13 Nov 2016, Hong Kong

 

One that would have the fruit must climb the tree.
                                                                   - Thomas Fuller

 
Before the break of light, a small army of men, bare-shirted and heavy-bellied, roll up the shutters and begin the long hours of stacking, sorting and selling fruit in Yau Ma Tei Fruit Market, Hong Kong. 

The entire market is given over to fruit in all shapes and sizes, and so, unlike most markets where the raw aroma of meat cuts across the palate, here it always smells delicate, fragrant; an aroma of distant countries gathered into cornucopia. 

Against traffic, undaunted, the work never ends. 

Perhaps some of them live in back rooms, in secret lofts, dreaming of the tropics in the company of crates of pineapples and grapes. 

Into the secret place bananas go, keeping high, living slow. 

Always surrounded by boxes, unyielding, piled like walls that slowly undo themselves into the goodness of a sliced fruit platter in some distant hotel. 

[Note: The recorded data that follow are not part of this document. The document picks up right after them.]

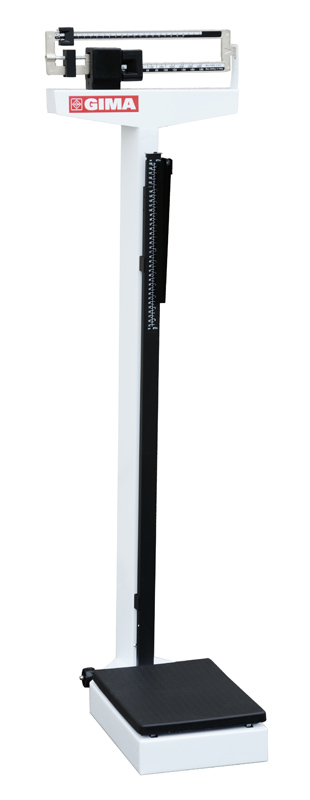 Balance traditionnelle avec système de levier robuste, plateau et colonne peints par pulvérisation et roulettes facilitant le transport.
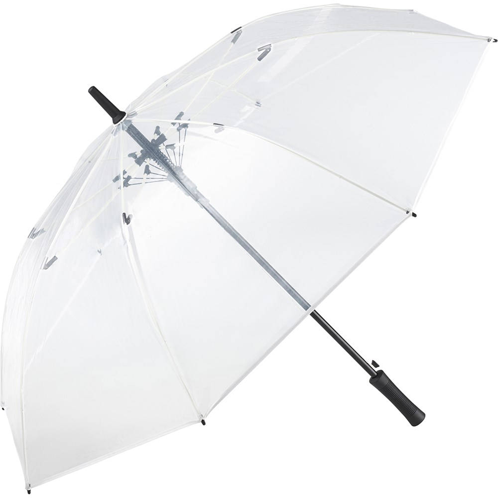 Ansprechender Automatik-Gästeschirm für zwei Personen mit transparentem Bezug und farbigen Details Komfortable Automatik-Funktion zum schnellen Öffnen, hochwertiges Windproof-PLUS-System für eine maximale Gestell-Flexibilität bei stärkeren Windböen, flexible Fiberglasschienen, farblich aufeinander abgestimmte Design-Elemente, matt-schwarzer gerader Kunststoffgriff mit Werbeanbringungsmöglichkeit, höherer Korrosionsschutz durch schwarze Galvanisierung des Stahlstocks
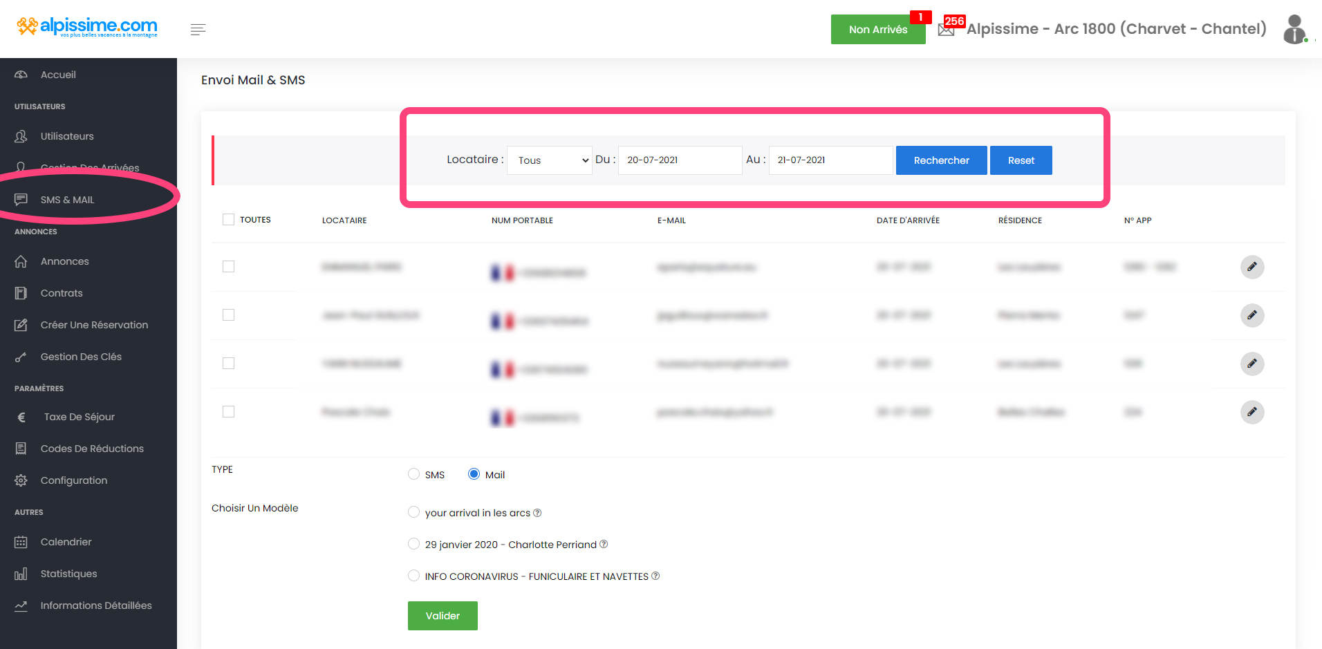 Grâce au module d’envoi de Mail / SMS, vous pouvez envoyer une communication à tous vos locataires, à vos locataires arrivés ou aux locataires qui ne sont pas encore arrivés.
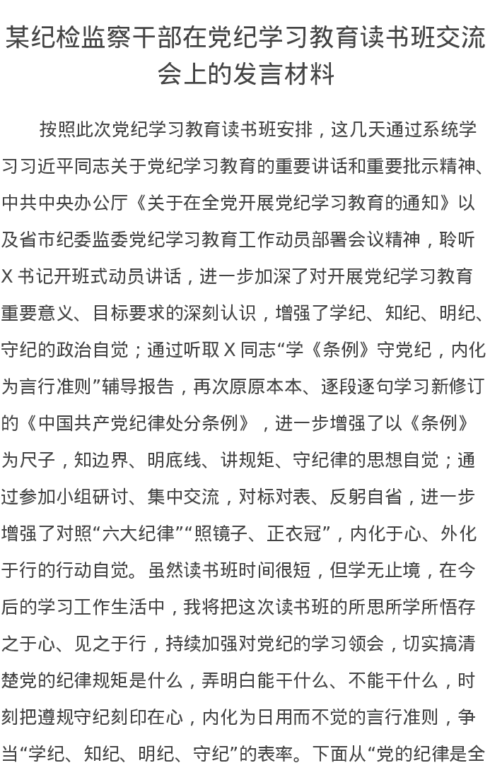 某纪检监察干部在党纪学习教育读书班交流会上的发言材料
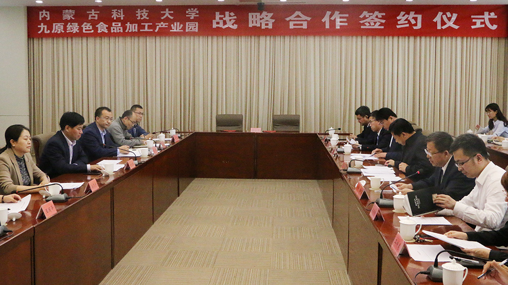 九原绿色食品加工产业园区是集食品加工、商务贸易、物流配送、科技教育、产业旅游等功能于一体的绿色生态食品产业园。与园区建立良好的合作关系,对于beat365产学研转化和人才质量培养提升具有重要意义。本着“优势互补、重点推进、互利共赢”原则,双方共同表示将建立长期稳定的合作关系,发挥各自优势,在科技服务、人才培养、产学研合作、教育咨询等方面持续开展合作。

Before customers, before the next chapter of the too-long day, there is always time for a game or three of mahjongg. 

The market is more than a century old. Founded in 1913, it spans Ferry Street, Waterloo Road and Reclamation Street, with Shek Lung Street passing through it. 

The empty pallets are stacked as high as they can go before returning to be reloaded. 

The market has been declared as a Grade II Historical Building, and just a few weeks prior to this photo, a fire swept through a section of the market, leaving a swathe of blackened stalls and burnt fittings in its wake. Apparently, it was caused by a worker doing welding in an ice storage facility.

When I visited, business was already back to normal, sans the affected stalls, which have been hoarded up. One thing that fascinated me about the market was that it was mostly locals who were working the ground. Unlike similar places in Singapore, where most of the manual labour is done by foreigners. It spoke of a certain pride of place and desire to carry on in a physically demanding business.

Along with that dogged determination comes an unspoken camaraderie amongst the market men, formed over the course of long years from rolling carts down aisles in the ever-humbling work of stacking and sorting the bruised from the beautiful; the seeded, and the seedless.